Take P, for example: “Peter packs a pickle pipe to pass at peaceful protests.” Or, alternately, “Patricia puffs purple for personal pleasure.”

“It’s a kids’ book for the inner kid,” Calan, 32, told The Inquirer. “It’s just fun.”

Cowritten by the couple and illustrated by Bryce, 31, the book is scheduled to be released this fall. They have launched a $20,000 Kickstarter campaign to fund self-publishing. After that, they plan to make the book available at cannabis dispensaries around the country, as well as at booksellers in Philadelphia.

Edwin has been a long time coming. The pair met at the Temple University Tyler School of Art 13 years ago, where they were classmates, and eventually, partners — romantically and academically.

They made a coffee-table book on human extinction for their senior project.

“It was very morbid, looking back,” Bryce said. “We were just so emo and artsy.”

Post-college, Calan’s professional interests took a turn toward cannabis after her mother had a stroke, and a Jefferson neurologist told her that marijuana might help. That set her off on a path of cannabis self-education, which resulted in passing the knowledge onto not only her mother, but friends and neighbors as well, under the banner GreenThumbEdu — the company that preceded 69&Sunny — which she established in 2018.

She began designing her own educational materials and worked as a community director at a dispensary. In that role, Calan said, she “put up tables anywhere” — conference halls, libraries, community meetings — to speak with the public about the medical benefits of marijuana.

Her efforts in marijuana education were compounded at the start of the pandemic, when she was diagnosed with post traumatic stress disorder, and later, Type 1 diabetes. Marijuana, she says, has been instrumental in keeping up with her mental and physical health.

“It’s been a whole journey, and cannabis has helped in so many ways, just having peace of mind and balancing sugars,” Calan said.

GreenThumbEdu rebranded in 2021 as 69&Sunny following a cease-and-desist from multistate operator Green Thumb Industries, causing an outcry in the cannabis community. But in what Bryce described as a “Shyamalan twist,” Green Thumb Industries would go on to financially assist GreenThumbEdu with its rebrand.

Under the name 69&Sunny, Calan and Bryce decided to evolve their efforts into an artist network, but still with a healthy dose of cannabis influence.
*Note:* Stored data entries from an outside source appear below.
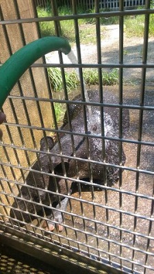 ホースを使った水浴びです!
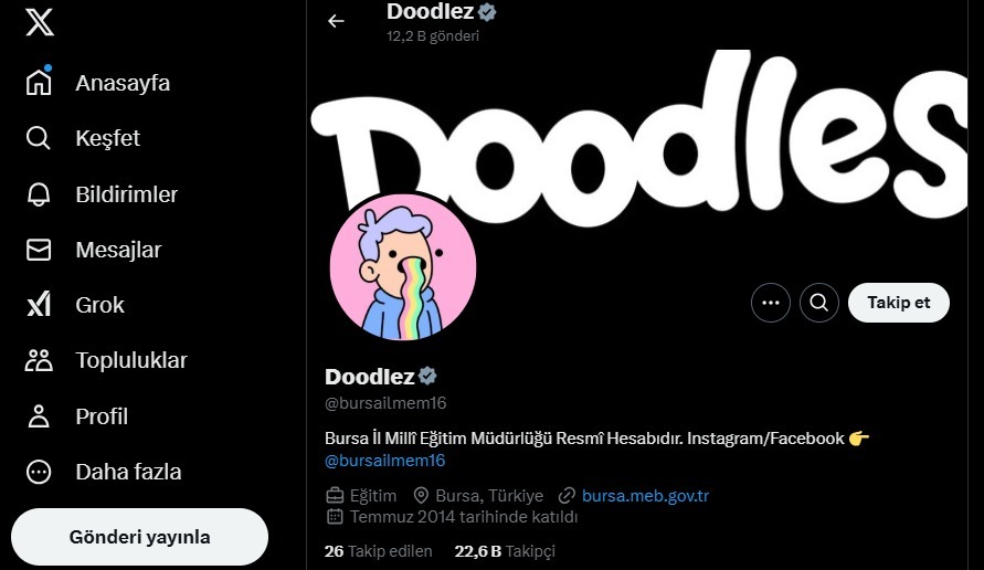 Öte yandan Bursa İl Milli Eğitim Müdürlüğünün hesabını hackleyenler ise sayfanın kullanıcı fotoğrafını değiştirip ‘Doodles’ yazısı yazdı.
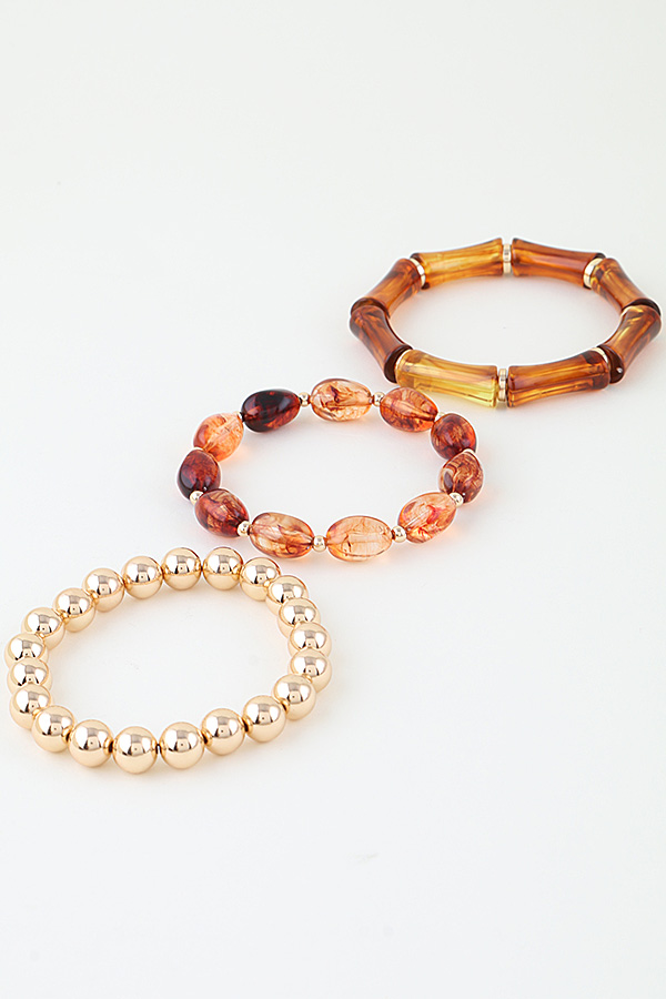 - * This Triple Tortoise Beaded Bracelet from H&D Accessories is a three-piece set that blends distinct styles: a polished spherical beaded band, a textured oblong beaded piece, and a segmented cuff with sleek connectors. Its varied design offers flexible styling options: wear all three together for a layered, dynamic look when heading to a casual dinner with friends, or pair one piece alone to add a subtle, refined touch to a workday blouse. The mix of smooth metallic beads, patterned oblong beads, and segmented details allows it to transition seamlessly between relaxed social gatherings and polished daily outfits, bringing a versatile, charming flair to any ensemble.
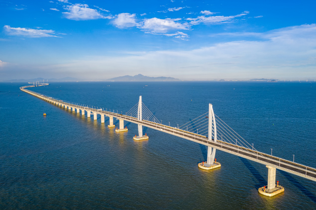 △港珠澳大橋全長(zhǎng)55公里,是世界上最長(zhǎng)的跨海大橋。
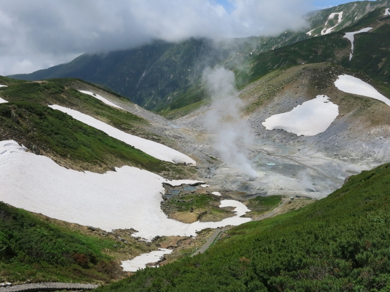 天狗平から雷鳥沢への最短ルートは、この地獄谷の際を通っており、現在は危険なため閉鎖されています。
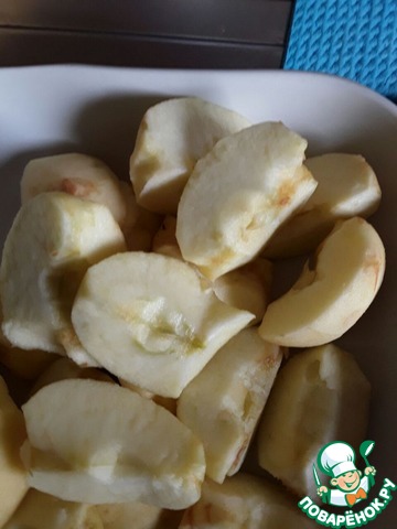 • Моем, чистим и нарезаем яблоки на четвертинки.
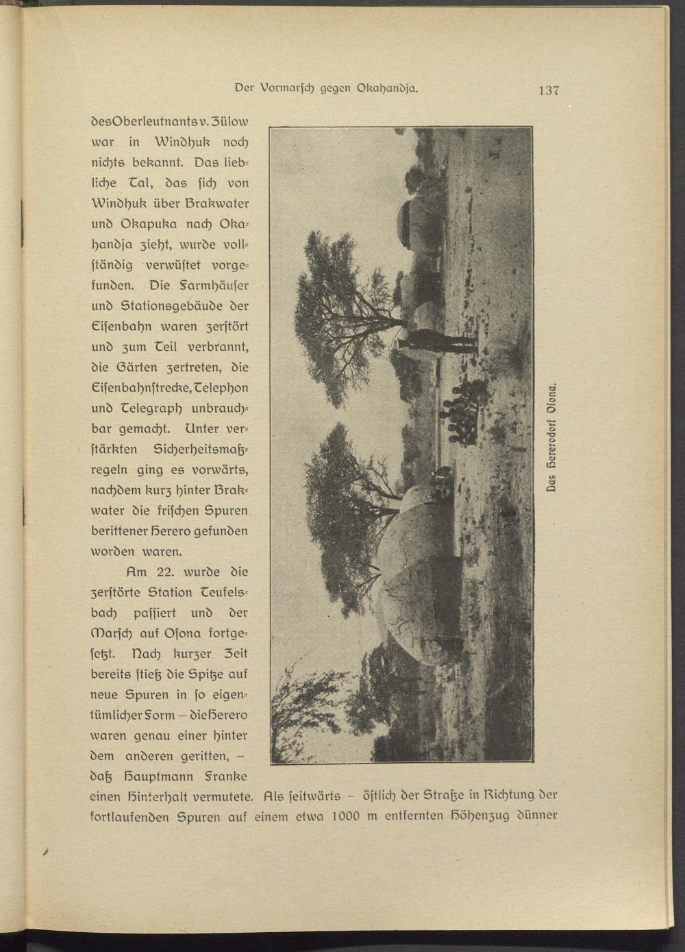Sm 22. wurde die zerstörte Station ^eukels- bach passiert und der Marsch auf Osona fortgesetzt. Nach kurzer Zeit bereits stietz die Spitze auf neue Spuren in so eigentümlicher §orm - dielöerero waren genau einer hinter dem anderen geritten, - dah Sauptmann §ranke

Today, the company helps other artists by financially backing their projects with fund-raisers.

Among their own projects is the music video “Girls Who Smoke Weed,” which took home a Clio Cannabis Award for advocacy last year. Featuring music by Bryce (under his rap name, Yourmomlikesmymusic), the video features clips of more than 85 well-known women in the cannabis industry consuming marijuana, and serves as a kind of anthem for weed-loving women.

“A lot of people are introduced to weed by their really close friends, and a lot of times they are women who are smoking that are very comfortable and confident,” Calan said.
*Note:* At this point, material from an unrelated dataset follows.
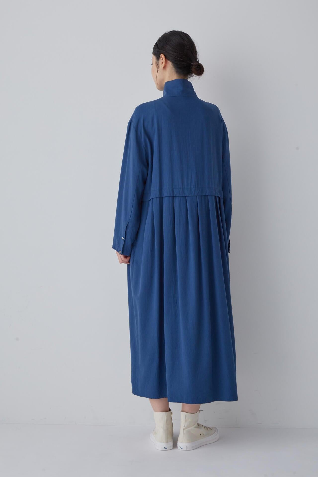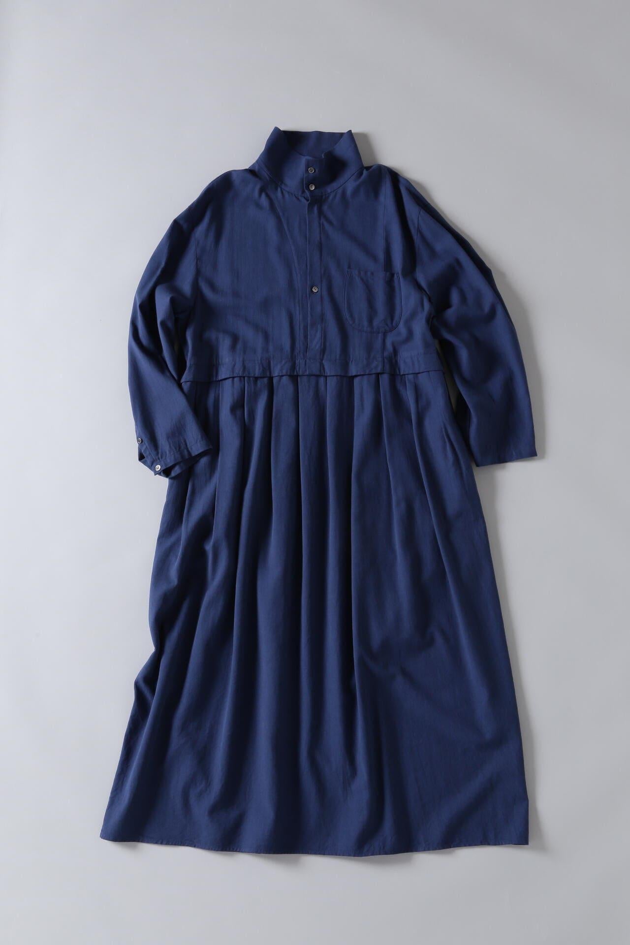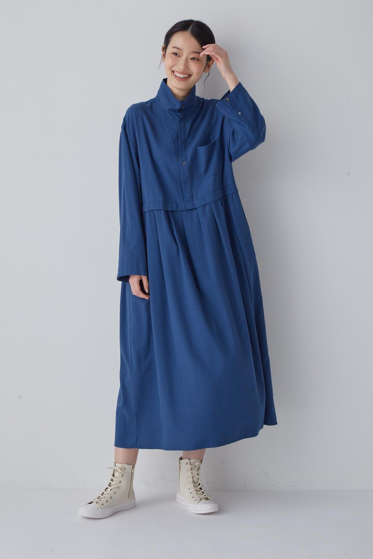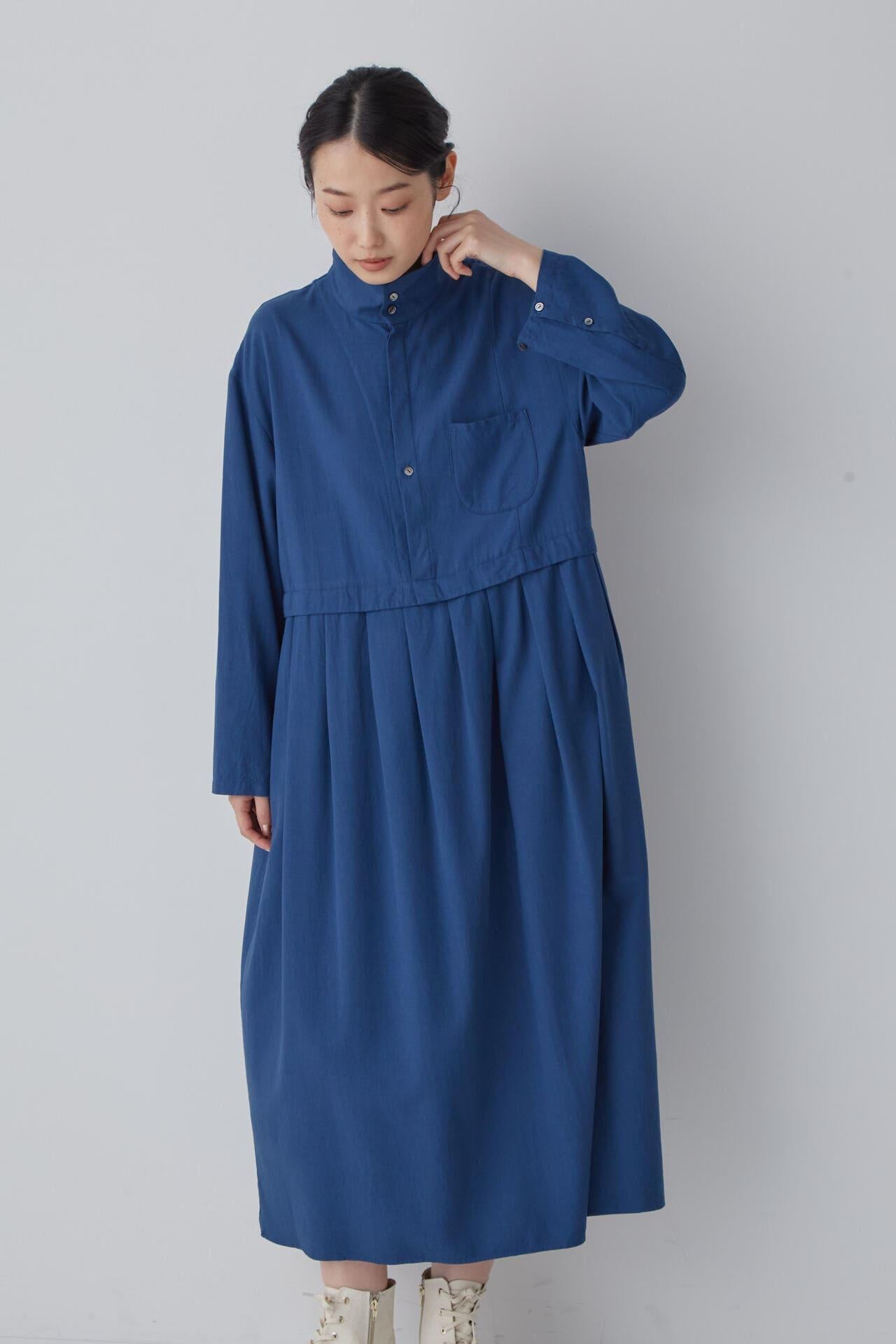 長款換裝連衣裙,通過領口的擺放變換表情 [設計要點] 高領是這款連衣裙的主要特點。您可以打開衣領的一粒紐扣,摺疊領尖,或者打開兩粒紐扣,像衣領一樣露出來,享受表情變化的樂趣。腰部可以調整到更高的位置,以提升您的氣質。柔軟的斜紋面料由有機棉和人造絲製成,染色時使用一份洋甘菊染成黃色,一份原木植物染料染成藏青色。推薦搭配】可單獨穿著,也可搭配長褲和馬甲。

Post-Clio, Calan and Bryce began thinking further about Calan’s own health experiences, and how marijuana has helped. As a cannabis educator, she said, she didn’t have access to quick, visual materials to help her teaching. And with the ever-increasing rise of legal marijuana around the country, Calan said, she felt there haven’t been opportunities for honest, open discussions about cannabis.
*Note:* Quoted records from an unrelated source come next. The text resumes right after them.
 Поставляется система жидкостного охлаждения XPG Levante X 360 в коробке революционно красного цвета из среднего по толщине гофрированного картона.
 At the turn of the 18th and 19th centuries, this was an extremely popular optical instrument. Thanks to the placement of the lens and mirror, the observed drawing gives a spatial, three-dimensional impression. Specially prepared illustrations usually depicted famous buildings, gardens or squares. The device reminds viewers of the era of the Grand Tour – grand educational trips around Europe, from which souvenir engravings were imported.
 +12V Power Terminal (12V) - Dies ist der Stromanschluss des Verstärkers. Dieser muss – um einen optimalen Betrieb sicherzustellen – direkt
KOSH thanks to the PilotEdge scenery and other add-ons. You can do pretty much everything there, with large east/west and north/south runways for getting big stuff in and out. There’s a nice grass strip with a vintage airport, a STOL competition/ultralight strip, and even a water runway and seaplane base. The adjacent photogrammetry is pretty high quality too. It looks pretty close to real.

That’s where Edwin was born.

The goal with the book, she said, is to not only be entertaining, but to spark intergenerational conversations.

“There’s a lot of different barriers with every different person” when it comes to attitudes about marijuana, Calan said. “So, we’re hoping this book makes it a little bit more comfortable to understand that this is plant and more of an agricultural product than anything.”

But while the plan is to make Edwin available at cannabis dispensaries, it’s unlikely it will appear at ones in Pennsylvania, which has not legalized recreational marijuana. With only medical marijuana dispensaries to speak of, the powers that be in Pennsylvania aren’t likely going to approve sales of the book in state shops, as it isn’t strictly educational, Calan said.

“But thank goodness for New Jersey and Maryland and Delaware,” Calan said. “We’re already talking partnerships with dispensaries all around us.”